What the task asks
The expected result is the full set of records, copied precisely, with images dropped.

Collected data entries
#####

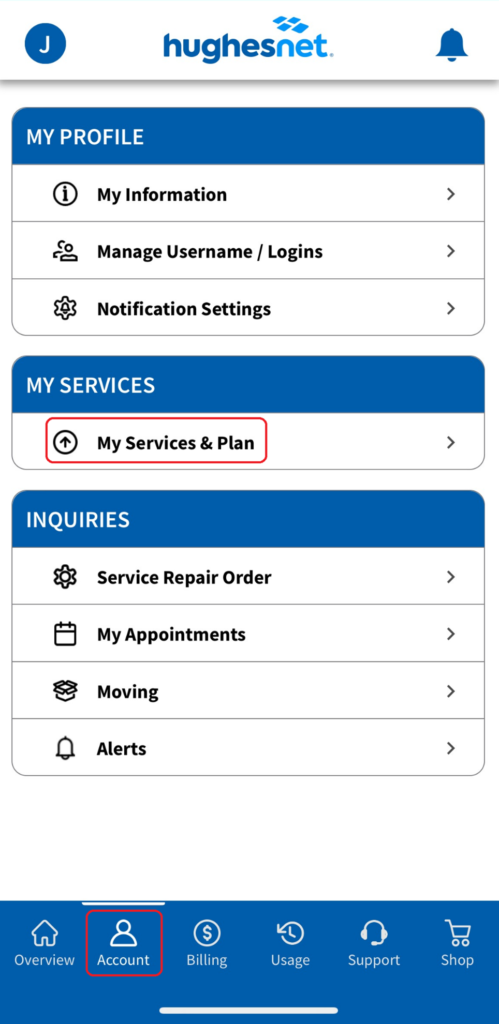 Once you are logged in to the myHughesnet (Mobile) App, click ‘Account’ on the bottom menu to see ‘My Services & Plan’.
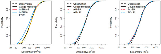 Figure 8 shows the exceedance probability curves of the streamflow modeled by the SPEs. The data are obtained from the sorted daily streamflow records and their corresponding quantiles, showing the discrepancies of the modeled streamflow at different quantiles, thereby revealing the systematic bias of SPEs for different magnitudes of streamflow. The results show that, for the original SPEs, both IMERG products generally underestimate low streamflow below 500 m³/s. Whereas, the PDIR generally exhibits smaller discrepancies with the in-situ observations for the low streamflow below 500 m³/s, indicating the smaller systematic bias in low streamflow modeling. Nevertheless, such a local superiority of PDIR has limited influence on the overall poorer accuracy of PDIR in general. The curves of the AM-based and TC-based SPEs, which integrate the PDIR data, are much closer to the in-situ observations than the original IMERG products, thus also indicating the better performance in systematic bias in low streamflow modeling.
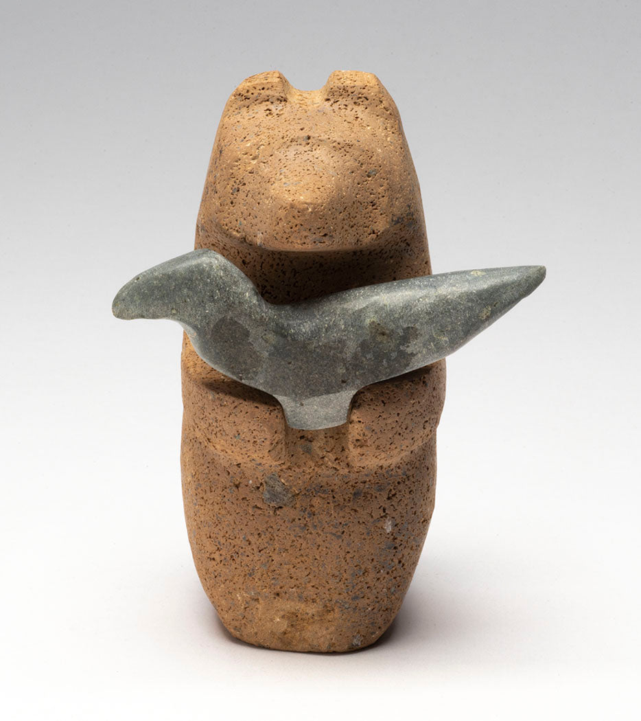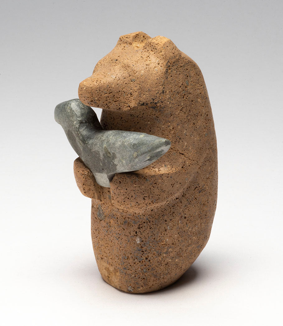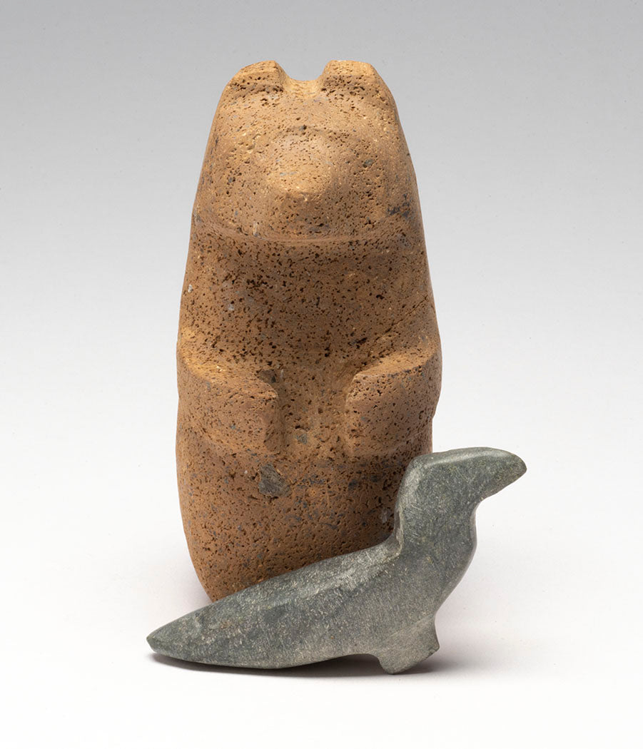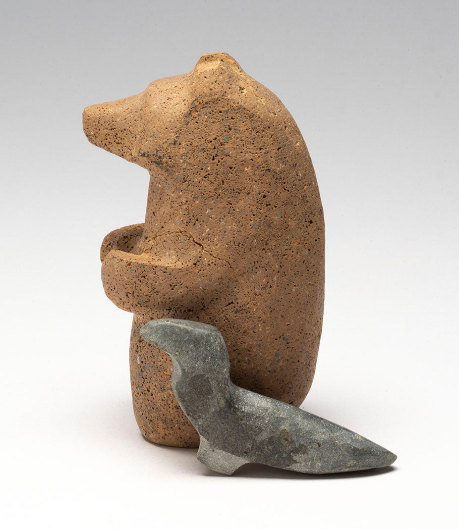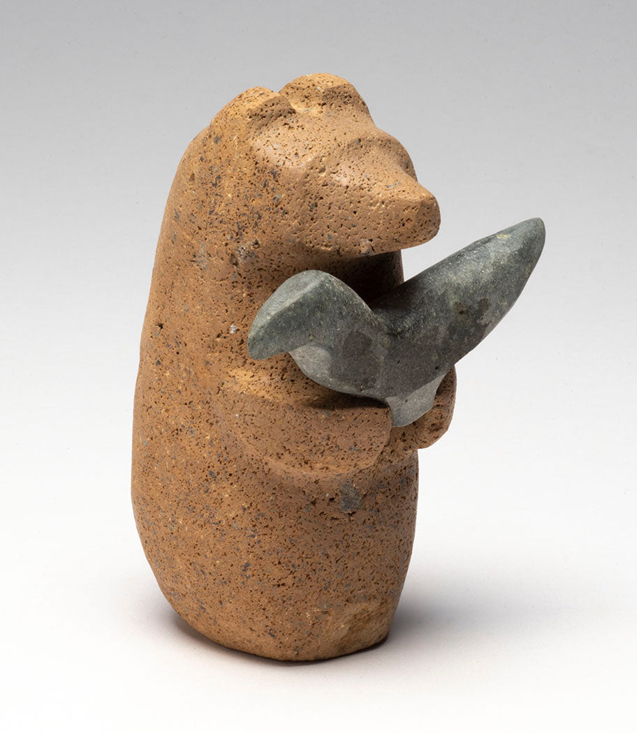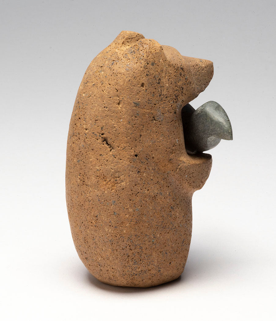 In their innocent beginnings, Bear cub and Raven chick grew up united without judgement, bias or any preconceived ideas between them. Remaining in friendship and understanding, they continue on life's path. The bear is approximately 4" tall, 2" wide and 2 1/2" deep, while the corvid comes in at about 3" long. The found stones are lovely in unique color and texture. Don't miss this amazing 2-piece set by Salvador Romero he calls "friends".
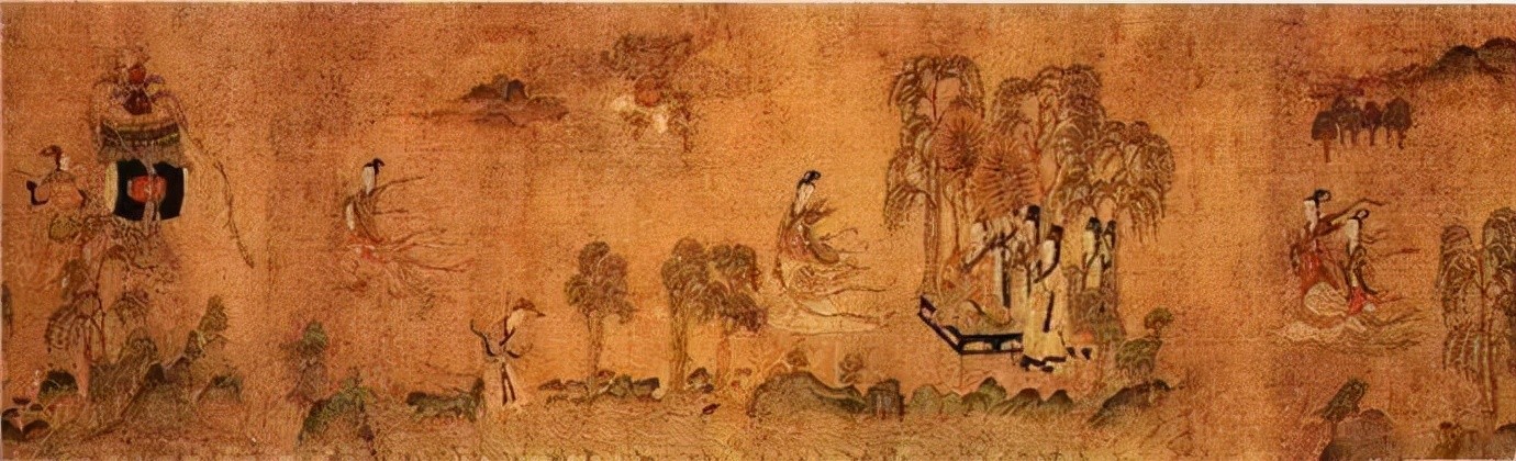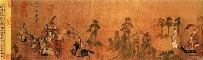 此画是以魏国杰出诗人曹植的《洛神赋》为蓝本创作的。《洛神赋》以浪漫主义手法,描写曹植与洛水女神之间的爱情故事。顾恺之的《洛神赋图》发挥了高度的艺术想象力,富有诗意地表达了原作的意境。画卷采用连环画的形式,随着环境的变化让曹植和洛神重复出现。画卷长27.1厘米,横572.8厘米,绢本设色。
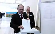 On 18 March, Vladimir Putin voted in the presidential election. He voted at a traditional polling station located in the building of the Russian Academy of Sciences.[29]
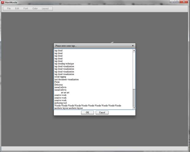 The user interface of the program is intuitive. There is a standard menu, where all basic options for the layout generation can be selected. Tags are manipulated through mouse interaction: left button for select, and after selection for dragging and rotation. The created tag cloud can be saves as screenshot: file -> save.
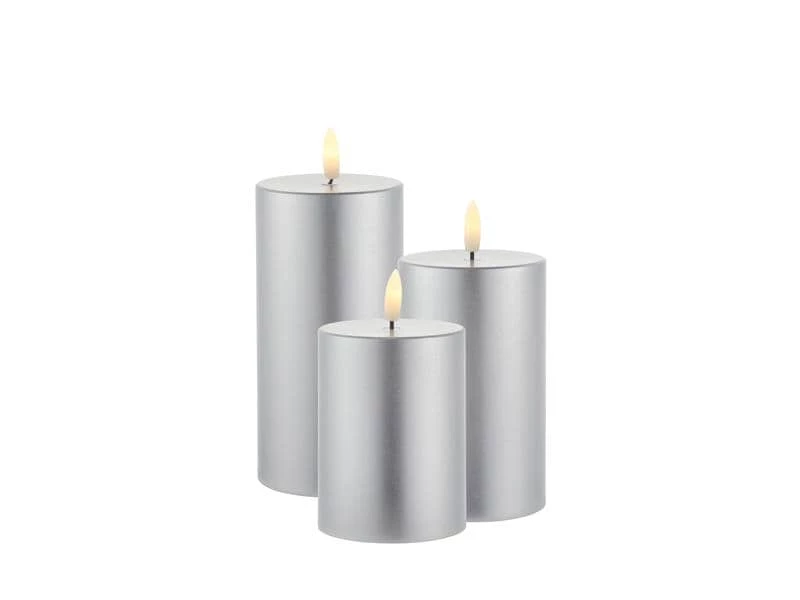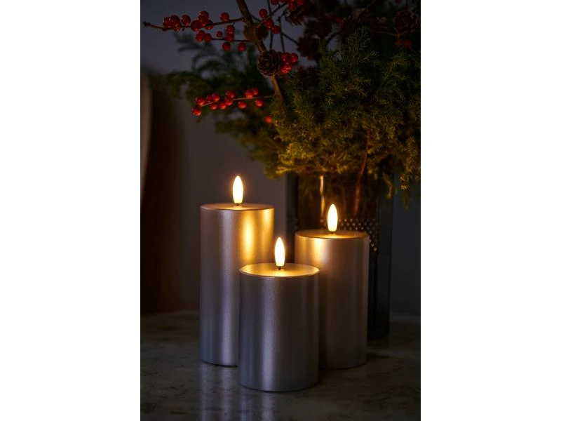 Sirius LED-Kerzen Set Sille Exclusive, Ø7.5 x 10/12.5/15 cm, Silber

#####

Solved problem
 Once you are logged in to the myHughesnet (Mobile) App, click ‘Account’ on the bottom menu to see ‘My Services & Plan’.
 Figure 8 shows the exceedance probability curves of the streamflow modeled by the SPEs. The data are obtained from the sorted daily streamflow records and their corresponding quantiles, showing the discrepancies of the modeled streamflow at different quantiles, thereby revealing the systematic bias of SPEs for different magnitudes of streamflow. The results show that, for the original SPEs, both IMERG products generally underestimate low streamflow below 500 m³/s. Whereas, the PDIR generally exhibits smaller discrepancies with the in-situ observations for the low streamflow below 500 m³/s, indicating the smaller systematic bias in low streamflow modeling. Nevertheless, such a local superiority of PDIR has limited influence on the overall poorer accuracy of PDIR in general. The curves of the AM-based and TC-based SPEs, which integrate the PDIR data, are much closer to the in-situ observations than the original IMERG products, thus also indicating the better performance in systematic bias in low streamflow modeling.
 In their innocent beginnings, Bear cub and Raven chick grew up united without judgement, bias or any preconceived ideas between them. Remaining in friendship and understanding, they continue on life's path. The bear is approximately 4" tall, 2" wide and 2 1/2" deep, while the corvid comes in at about 3" long. The found stones are lovely in unique color and texture. Don't miss this amazing 2-piece set by Salvador Romero he calls "friends".
 此画是以魏国杰出诗人曹植的《洛神赋》为蓝本创作的。《洛神赋》以浪漫主义手法,描写曹植与洛水女神之间的爱情故事。顾恺之的《洛神赋图》发挥了高度的艺术想象力,富有诗意地表达了原作的意境。画卷采用连环画的形式,随着环境的变化让曹植和洛神重复出现。画卷长27.1厘米,横572.8厘米,绢本设色。
 On 18 March, Vladimir Putin voted in the presidential election. He voted at a traditional polling station located in the building of the Russian Academy of Sciences.[29]
 The user interface of the program is intuitive. There is a standard menu, where all basic options for the layout generation can be selected. Tags are manipulated through mouse interaction: left button for select, and after selection for dragging and rotation. The created tag cloud can be saves as screenshot: file -> save.
 Sirius LED-Kerzen Set Sille Exclusive, Ø7.5 x 10/12.5/15 cm, Silber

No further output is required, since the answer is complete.